## Activity
Pictures are to be dropped, and only the lines from the one containing "POSTA AEREA - 1940, BRASILE, cartolina" through the end of the data below are to be reproduced as written.

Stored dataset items
^^^^^^^^
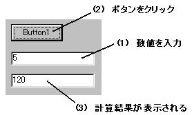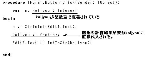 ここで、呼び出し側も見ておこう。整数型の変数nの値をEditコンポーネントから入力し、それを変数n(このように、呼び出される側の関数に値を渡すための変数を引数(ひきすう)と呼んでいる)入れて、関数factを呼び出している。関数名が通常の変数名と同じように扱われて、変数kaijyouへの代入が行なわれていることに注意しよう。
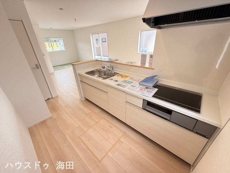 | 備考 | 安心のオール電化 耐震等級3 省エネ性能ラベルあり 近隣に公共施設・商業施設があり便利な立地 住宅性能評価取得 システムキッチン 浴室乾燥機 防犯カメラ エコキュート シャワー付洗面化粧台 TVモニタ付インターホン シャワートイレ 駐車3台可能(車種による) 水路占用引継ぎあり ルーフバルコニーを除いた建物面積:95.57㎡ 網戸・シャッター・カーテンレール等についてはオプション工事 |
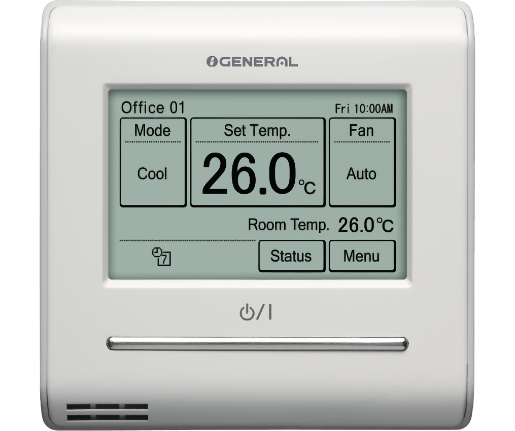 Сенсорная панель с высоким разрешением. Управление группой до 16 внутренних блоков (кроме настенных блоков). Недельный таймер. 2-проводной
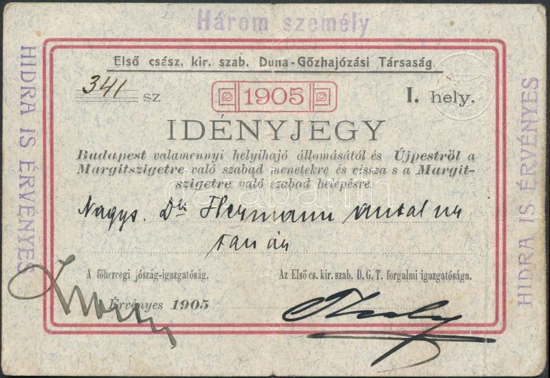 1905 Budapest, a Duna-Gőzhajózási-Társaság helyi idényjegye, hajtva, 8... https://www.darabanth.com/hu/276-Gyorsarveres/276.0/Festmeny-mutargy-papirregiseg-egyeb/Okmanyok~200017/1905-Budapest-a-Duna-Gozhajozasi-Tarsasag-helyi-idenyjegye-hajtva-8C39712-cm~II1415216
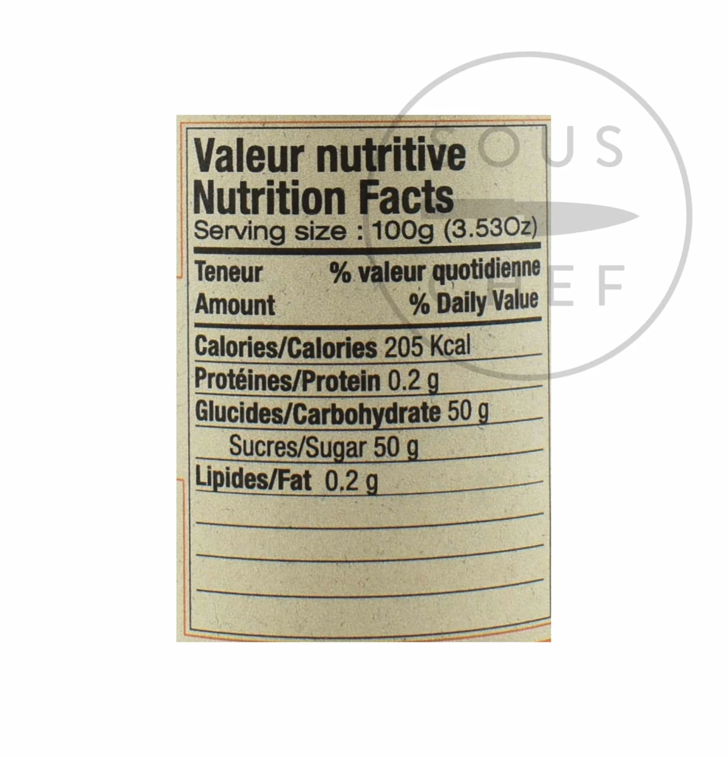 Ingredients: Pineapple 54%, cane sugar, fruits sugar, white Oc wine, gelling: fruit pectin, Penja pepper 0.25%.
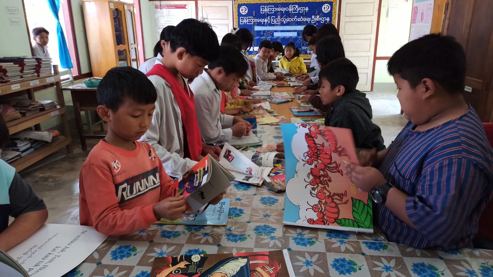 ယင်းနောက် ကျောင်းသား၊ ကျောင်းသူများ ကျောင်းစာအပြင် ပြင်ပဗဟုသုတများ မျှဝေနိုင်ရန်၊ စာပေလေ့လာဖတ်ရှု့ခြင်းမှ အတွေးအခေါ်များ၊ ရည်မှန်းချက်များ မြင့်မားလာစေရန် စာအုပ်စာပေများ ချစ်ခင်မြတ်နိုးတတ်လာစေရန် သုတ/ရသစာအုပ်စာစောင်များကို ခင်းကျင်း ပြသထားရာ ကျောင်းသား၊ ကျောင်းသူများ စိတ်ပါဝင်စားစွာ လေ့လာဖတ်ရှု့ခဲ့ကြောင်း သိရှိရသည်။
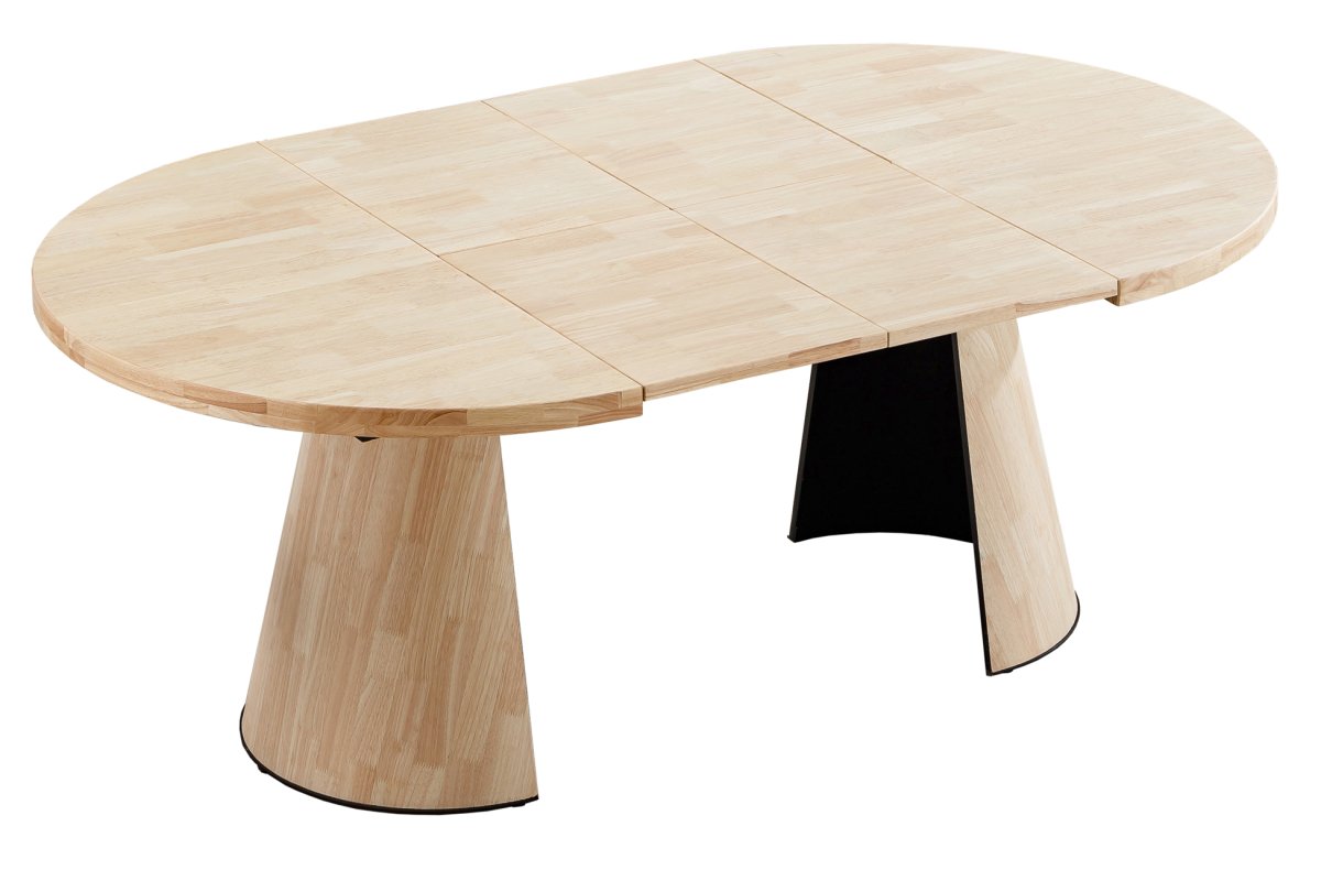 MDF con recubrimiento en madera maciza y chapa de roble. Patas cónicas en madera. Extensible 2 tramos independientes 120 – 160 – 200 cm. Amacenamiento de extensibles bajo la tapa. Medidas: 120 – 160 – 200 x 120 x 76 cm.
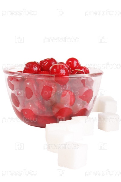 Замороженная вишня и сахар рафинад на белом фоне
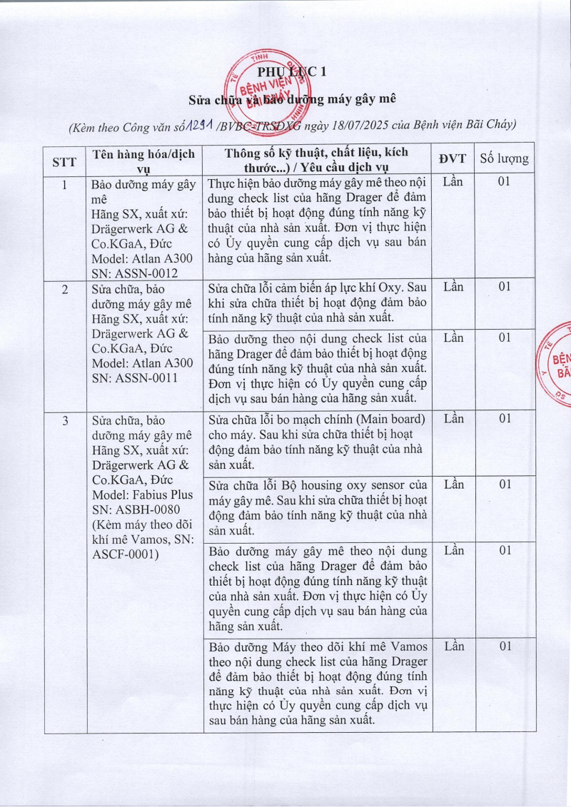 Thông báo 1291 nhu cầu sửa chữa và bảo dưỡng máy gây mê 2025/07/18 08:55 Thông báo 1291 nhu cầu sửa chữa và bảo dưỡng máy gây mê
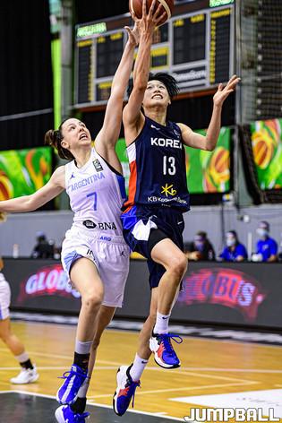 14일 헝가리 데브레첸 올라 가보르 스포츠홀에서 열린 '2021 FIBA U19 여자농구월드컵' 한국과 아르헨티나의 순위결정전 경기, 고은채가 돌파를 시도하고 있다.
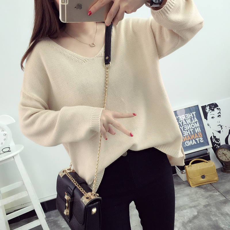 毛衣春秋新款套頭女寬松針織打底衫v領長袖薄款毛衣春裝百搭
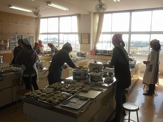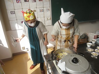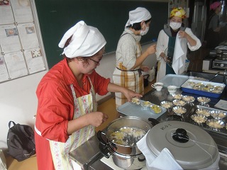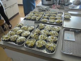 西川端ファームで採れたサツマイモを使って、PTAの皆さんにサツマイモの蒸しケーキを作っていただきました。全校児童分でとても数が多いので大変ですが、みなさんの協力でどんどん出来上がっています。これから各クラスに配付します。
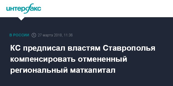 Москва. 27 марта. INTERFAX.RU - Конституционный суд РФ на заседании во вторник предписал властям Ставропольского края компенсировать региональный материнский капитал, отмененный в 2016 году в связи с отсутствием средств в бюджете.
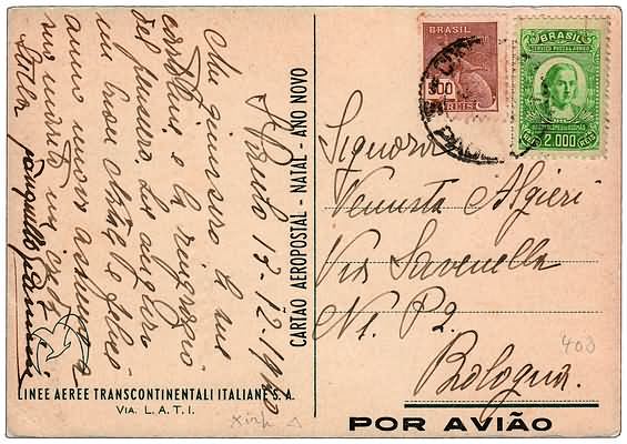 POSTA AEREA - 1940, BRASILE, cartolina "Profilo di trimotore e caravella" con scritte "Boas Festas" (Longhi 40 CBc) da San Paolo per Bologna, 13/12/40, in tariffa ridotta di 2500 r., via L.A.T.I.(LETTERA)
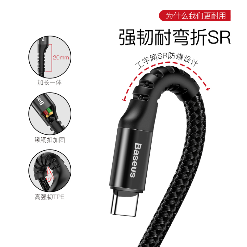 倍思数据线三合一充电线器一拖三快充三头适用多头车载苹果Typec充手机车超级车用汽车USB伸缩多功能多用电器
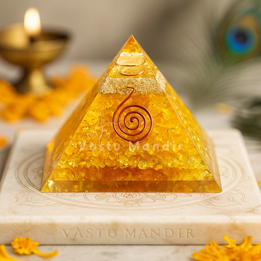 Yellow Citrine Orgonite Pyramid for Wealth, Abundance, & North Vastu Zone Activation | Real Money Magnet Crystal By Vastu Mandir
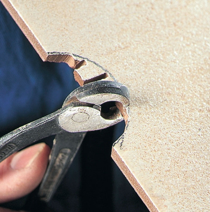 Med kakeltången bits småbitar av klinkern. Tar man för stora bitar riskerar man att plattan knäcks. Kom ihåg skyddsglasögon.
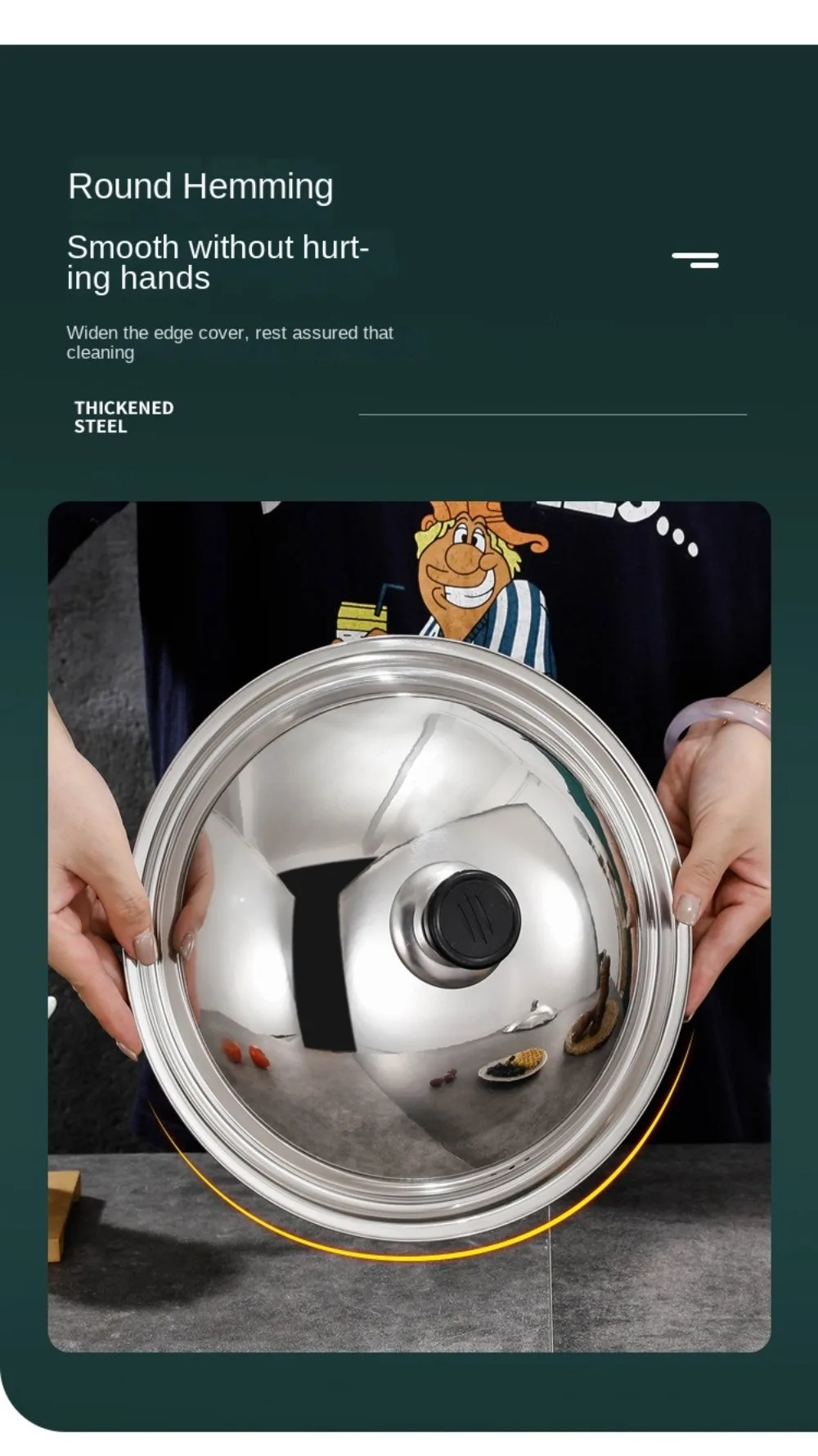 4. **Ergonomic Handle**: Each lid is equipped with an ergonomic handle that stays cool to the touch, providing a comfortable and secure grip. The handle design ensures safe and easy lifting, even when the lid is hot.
^^^^^^^^
## Task solution
 POSTA AEREA - 1940, BRASILE, cartolina "Profilo di trimotore e caravella" con scritte "Boas Festas" (Longhi 40 CBc) da San Paolo per Bologna, 13/12/40, in tariffa ridotta di 2500 r., via L.A.T.I.(LETTERA)
 倍思数据线三合一充电线器一拖三快充三头适用多头车载苹果Typec充手机车超级车用汽车USB伸缩多功能多用电器
 Yellow Citrine Orgonite Pyramid for Wealth, Abundance, & North Vastu Zone Activation | Real Money Magnet Crystal By Vastu Mandir
 Med kakeltången bits småbitar av klinkern. Tar man för stora bitar riskerar man att plattan knäcks. Kom ihåg skyddsglasögon.
 4. **Ergonomic Handle**: Each lid is equipped with an ergonomic handle that stays cool to the touch, providing a comfortable and secure grip. The handle design ensures safe and easy lifting, even when the lid is hot.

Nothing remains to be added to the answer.